Se les habla de grutas, de cataratas o de ruinas célebres: “Quince minutos para
que admiren ustedes la gruta tal o cual”, dice amablemente el conductor. Una
vez que los viajeros se hallan a cierta distancia, el tren escapa a todo vapor.
-¿Y los viajeros?
Vagan
desconcertados de un sitio a otro durante algún tiempo, pero acaban por
congregarse y se establecen en colonia.
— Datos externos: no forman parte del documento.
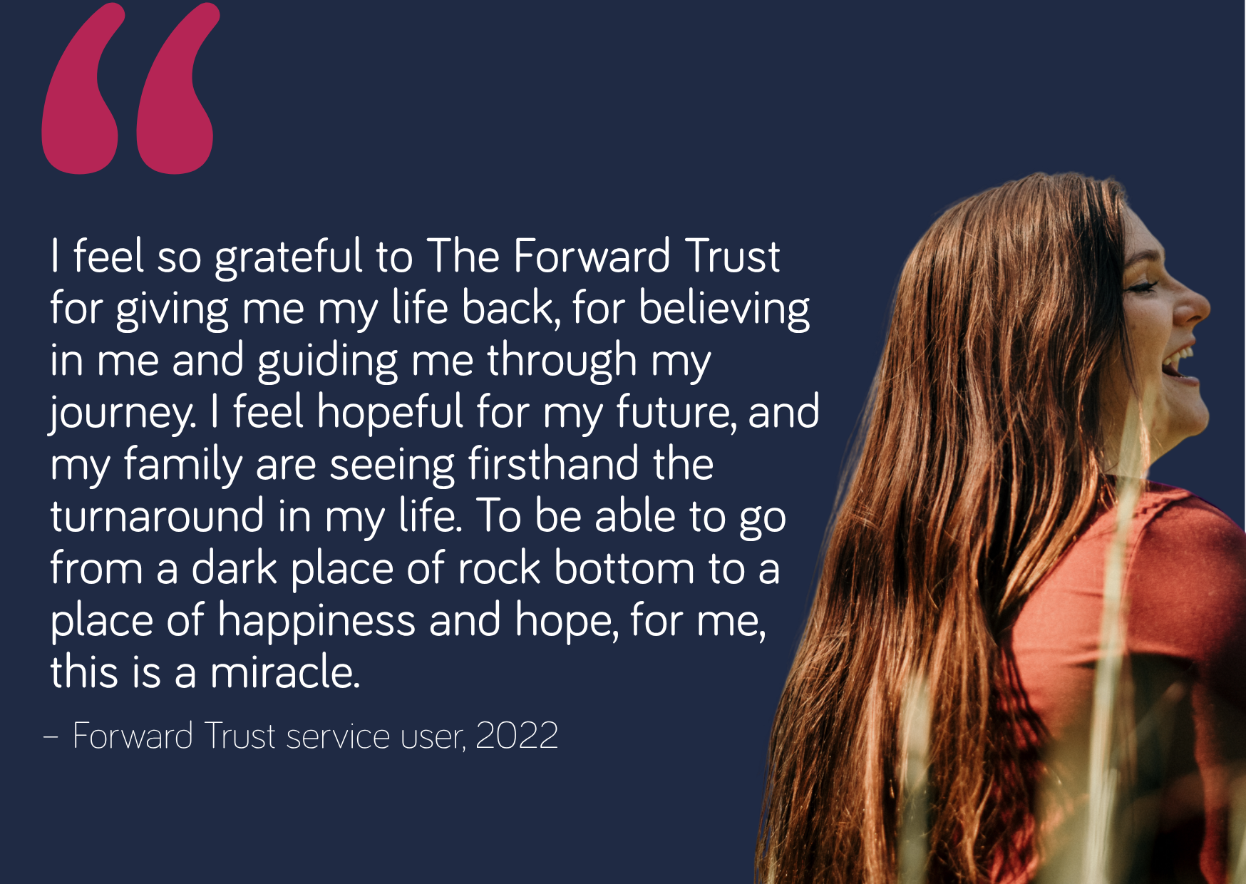 Thanks to the generosity of people like you, we’re able to provide support to more people who need it. Whether it’s help and advice to keep someone’s recovery on track, a place at one of our residential rehabs, support for families, a new job or a safe home.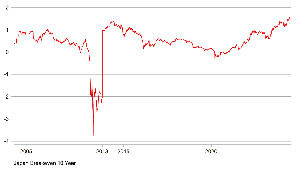 JAPAN 10YR BREAKEVEN THIS WEEK HIT A NEW RECORD HIGH IN BLOOMBERG DATA SERIES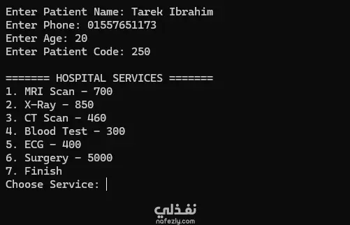 هذا المشروع عبارة عن نظام بسيط لإدارة بيانات المرضى والخدمات الطبية داخل مستشفى باستخدام لغة البرمجة C++ مع تطبيق مفاهيم البرمجة كائنية التوجه (OOP). يهدف النظام إلى تنظيم بيانات المرضى والخدمات الطبية المقدمة لهم، بالإضافة إلى حساب التكلفة الإجمالية للخدمات التي يحصل عليها المريض بشكل تلقائي. فكرة عمل النظام يقوم المستخدم بإدخال بيانات المريض مثل: اسم المريض رقم الهاتف العمر كود المريض بعد ذلك يمكن للمستخدم اختيار الخدمات الطبية التي يحتاجها المريض مثل: MRI X-Ray CT Scan ويتم حفظ هذه الخدمات داخل النظام، ثم يقوم البرنامج بحساب إجمالي تكلفة الخدمات الطبية التي تم اختيارها وعرض ملخص كامل يحتوي على بيانات المريض والخدمات التي حصل عليها. التقنيات المستخدمة في المشروع تم بناء المشروع باستخدام عدة مفاهيم برمجية مهمة مثل: البرمجة كائنية التوجه (OOP) استخدام Classes و Objects استخدام Vector لتخزين الخدمات الطبية تقسيم المشروع إلى عدة ملفات لزيادة تنظيم الكود إنشاء دوال لإضافة الخدمات وعرض البيانات وحساب التكلفة مكونات المشروع يتكون المشروع من عدة ملفات رئيسية: ملف Patient لإدارة بيانات المريض ملف Services لتعريف الخدمات الطبية ملف HospitalManager لحساب التكلفة الإجمالية للخدمات ملف Main لتشغيل البرنامج والتعامل مع المستخدم الهدف من المشروع يهدف هذا المشروع إلى تطبيق مفاهيم البرمجة الأساسية وتنظيم الكود بطريقة احترافية، بالإضافة إلى محاكاة نظام بسيط يمكن استخدامه لإدارة بيانات المرضى والخدمات الطبية داخل المستشفيات أو المراكز الطبية. المهارات التي يوضحها المشروع البرمجة باستخدام لغة C++ تصميم الأنظمة البرمجية البسيطة تنظيم الكود وتقسيمه إلى ملفات التعامل مع البيانات وحساب النتائج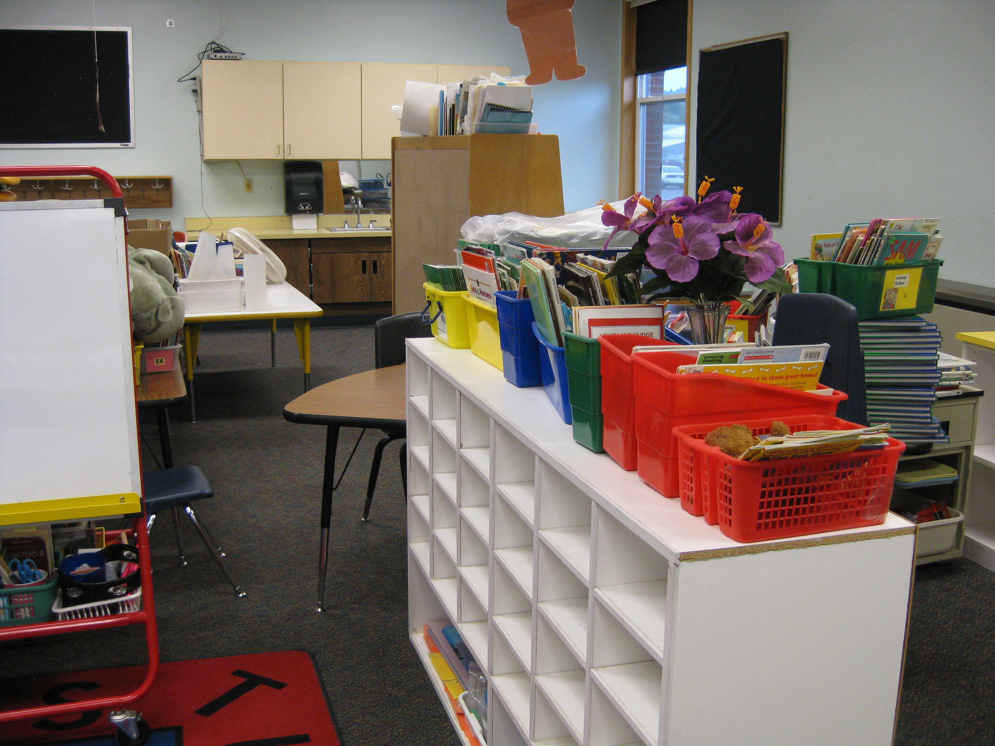 School has totally changed since I went. No more blackboards and chalk. There are white boards and smart boards and computers in every room. There are rocking chairs and bean bag chairs and toy kitchens. There are stacks of toys and games, puzzles and Legos. One room has a red-eared turtle named Michael Angelo, who begs for food if one gets too close. The one familiar and comforting thing is the alphabet – still strung around the top of the boards in the front of the classroom, each letter with a matching picture. A is still for apple and Z is still for zebra – phew!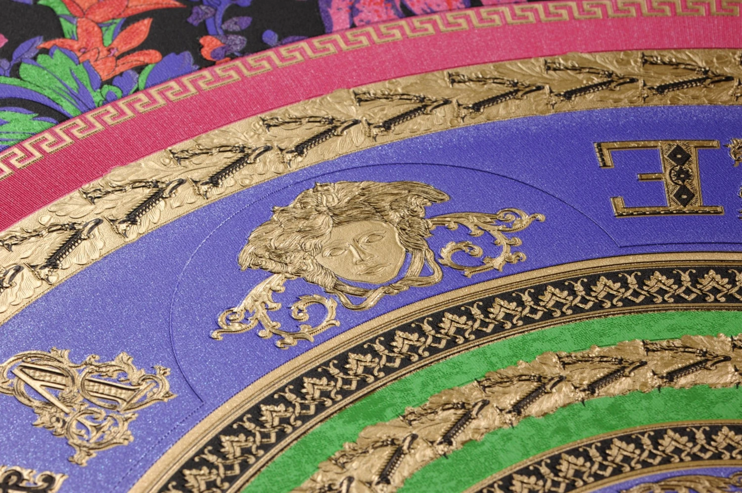 Ein Feuerwerk von Farben, leicht schimmernd und voller goldener Details, macht Ihre Wand zu einem lebhaften Kunstwerk aus barocken und antiken Formen und Mustern. Die kreisrunden, antik anmutenden Ornamente sind von einer Fülle stilisierter Blätter und Blüten umgeben, die ihren Ursprung in der barocken Tapete haben. Falls Sie jemals geglaubt haben, barocke Tapeten seien langweilig, belehrt Venus Sie schnell eines Besseren!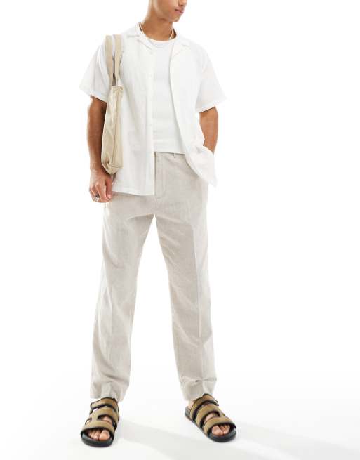 Abercrombie & Fitch - Malone - Pantalon baggy à pinces en lin mélangé - Beige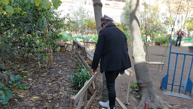 colaborando con los vecinos del Poblado Dirigido de Fuencarral que están plantando en los interbloques de sus barrios .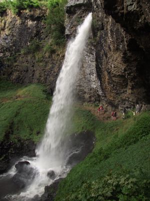 The waterfall features a railway viaduct with 14 arches spanning 190 meters directly above it, creating a rare combination of natural beauty and 19th-century engineering architecture.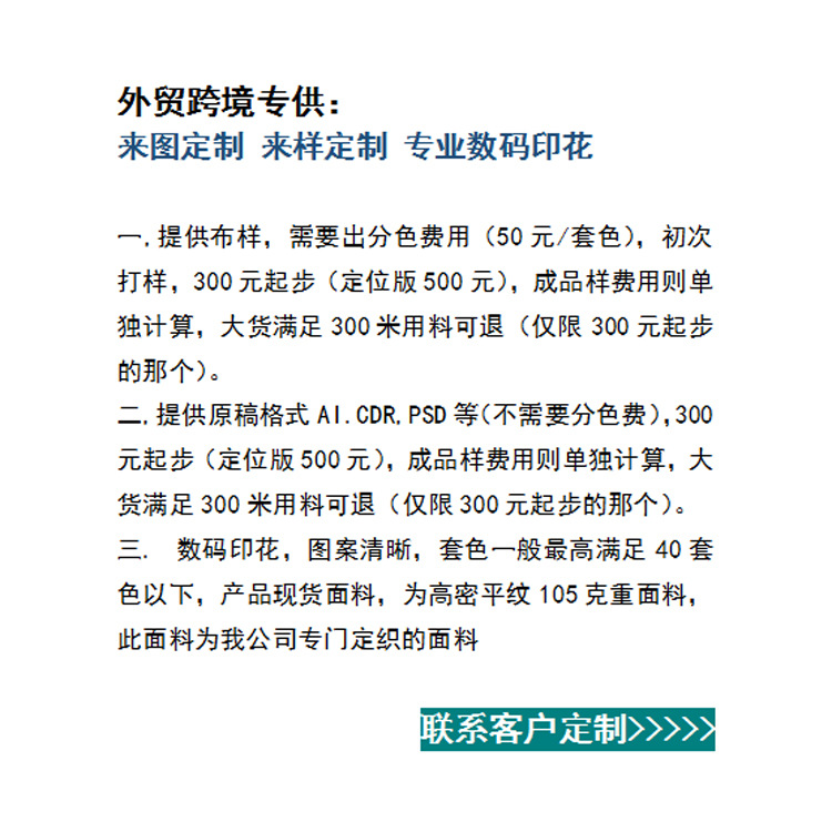 各位总裁,本款链接,面料是我们自己定织的面料,主要向大家展示的是:数码印花类产品,价格因素,在规格,材质,数量,包装等不同要求之下,会产品不同价格,大批量定制,价格从优!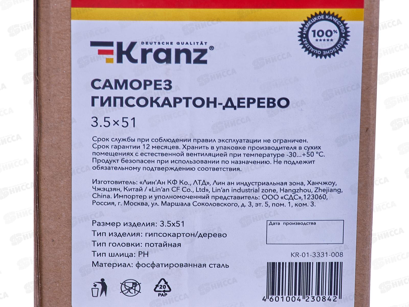 Саморез KRANZ гипсокартон-дерево 3,5х51, (200шт), KR-01-3331-008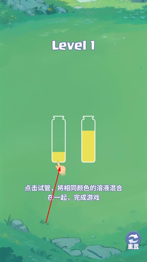 2、操作时,点击选中水管,再点击目标水桶,将液体倒入,遵循同色液体归置原则,逐步完成当前关卡的排序任务。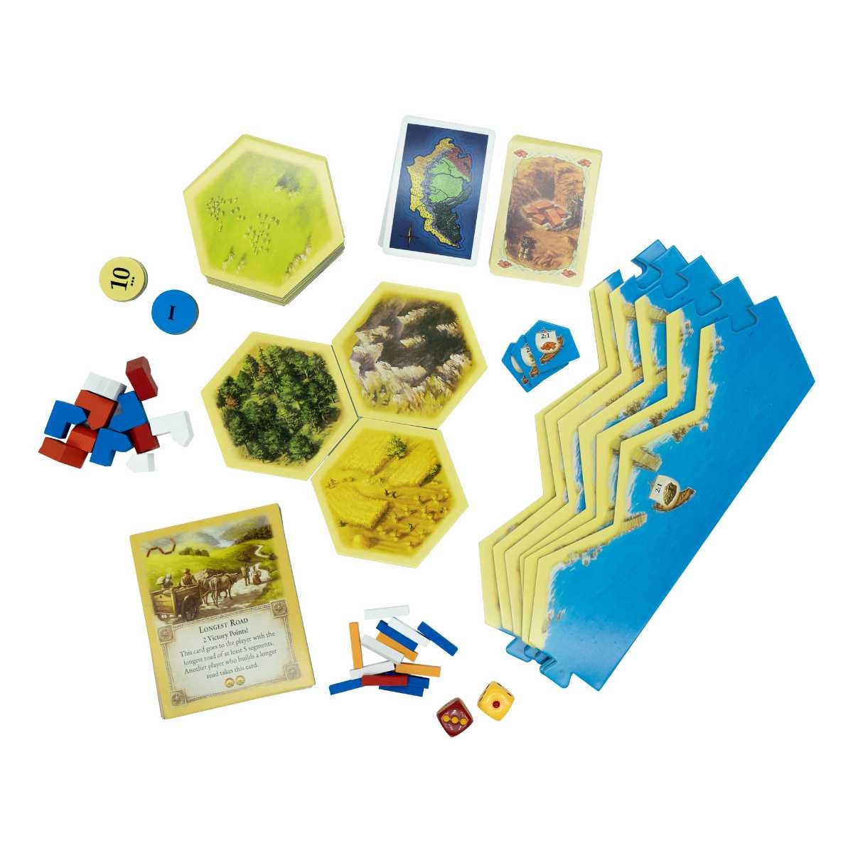Settlers of Catan grundspel är ett älskat brädspel där spelarna tävlar om att kolonisera ön Catan genom att samla och byta resurser. Det modulära spelbrädet gör varje omgång unik.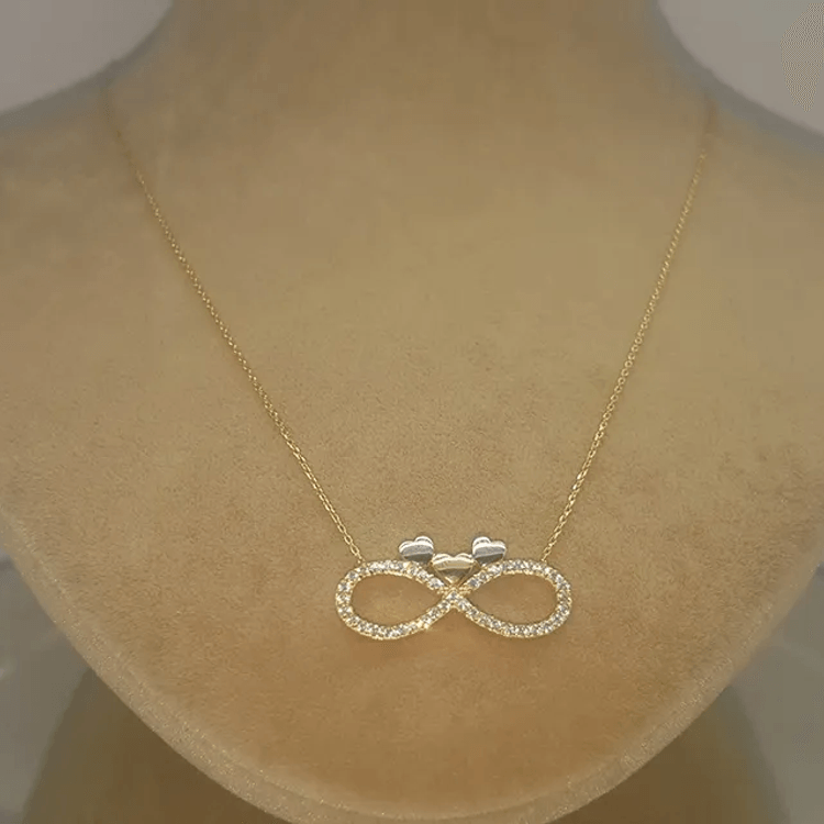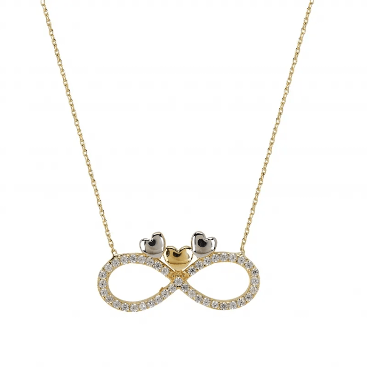 Altın Kolye Modelleri modellerinden Sonsuzluk Üzerinde Kalpler Kolye ürünümüz,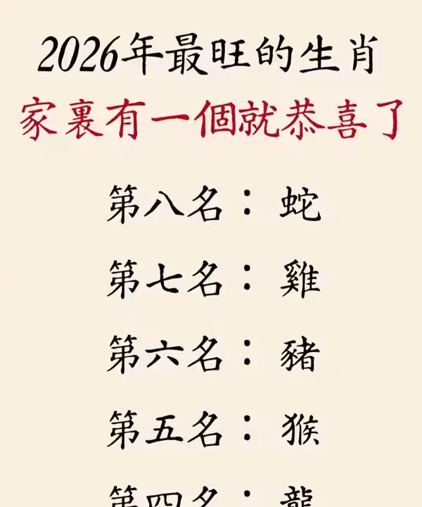 【本報訊】2026年腳步近,命理圈已提前公布「最旺生肖榜」!只要家裡有這幾個生肖,明年財運、事業、健康全面開掛,第八到第五名先揭曉,快來看看你家有誰上榜!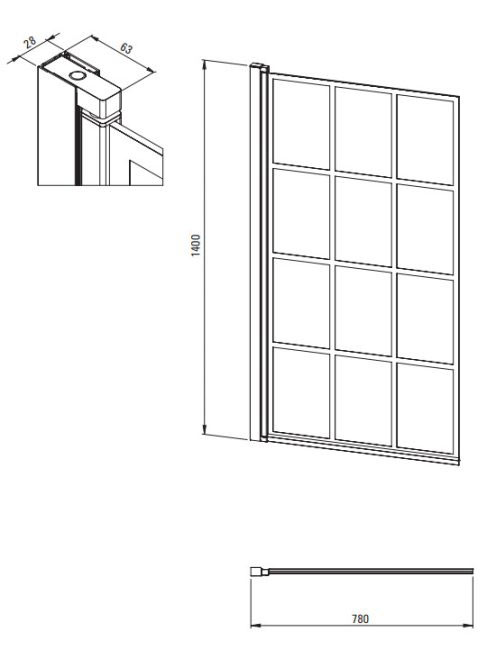 Deante Jasmin 78x140 kádparaván átlátszó üveg fekete kerettel KTJ_N72P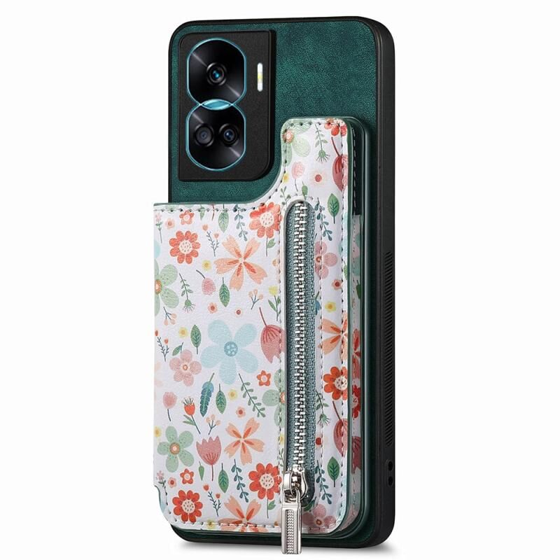 Θήκη κινητού τηλεφώνου με φερμουάρ και σχέδιο retro για Honor 90 Lite / X50i (Ροζ)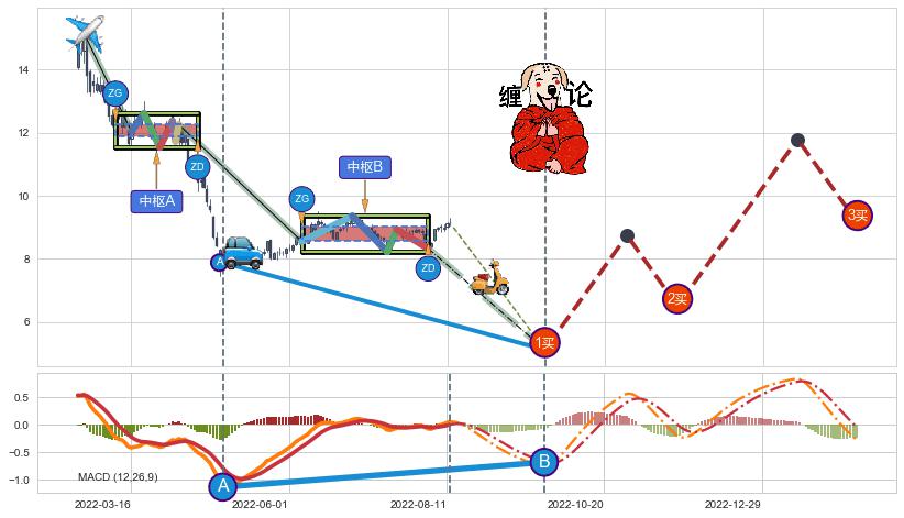 ➢ 【中枢A】:2022-03-16-2022-04-08,中枢由6笔构成,共16交易日, ZG=12.26, ZD=12.05

Estas paradas intempestivas se hacen en
lugares adecuados, muy lejos de toda civilización y con riquezas naturales
suficientes. Allí se abandonan lores selectos, de gente joven, y sobre todo con
mujeres abundantes. ¿No le gustaría a usted pasar sus últimos días en un
pintoresco lugar desconocido, en compañía de una muchachita?
El viejecillo
sonriente hizo un guiño y se quedó mirando al viajero, lleno de bondad y de
picardía. En ese momento se oyó un silbido lejano. El guardagujas dio un
brinco, y se puso a hacer señales ridículas y desordenadas con su linterna.
-¿Es el tren?
-preguntó el forastero.
El anciano echó a
correr por la vía, desaforadamente. Cuando estuvo a cierta distancia, se volvió
para gritar:
-¡Tiene usted
suerte! Mañana llegará a su famosa estación. ¿Cómo dice que se llama?
-¡Levin! -contestó
el viajero.
En ese momento el
viejecillo se disolvió en la clara mañana. Pero el punto rojo de la linterna
siguió corriendo y saltando entre los rieles, imprudente, al encuentro del
tren.
Al fondo del
paisaje, la locomotora se acercaba como un ruidoso advenimiento.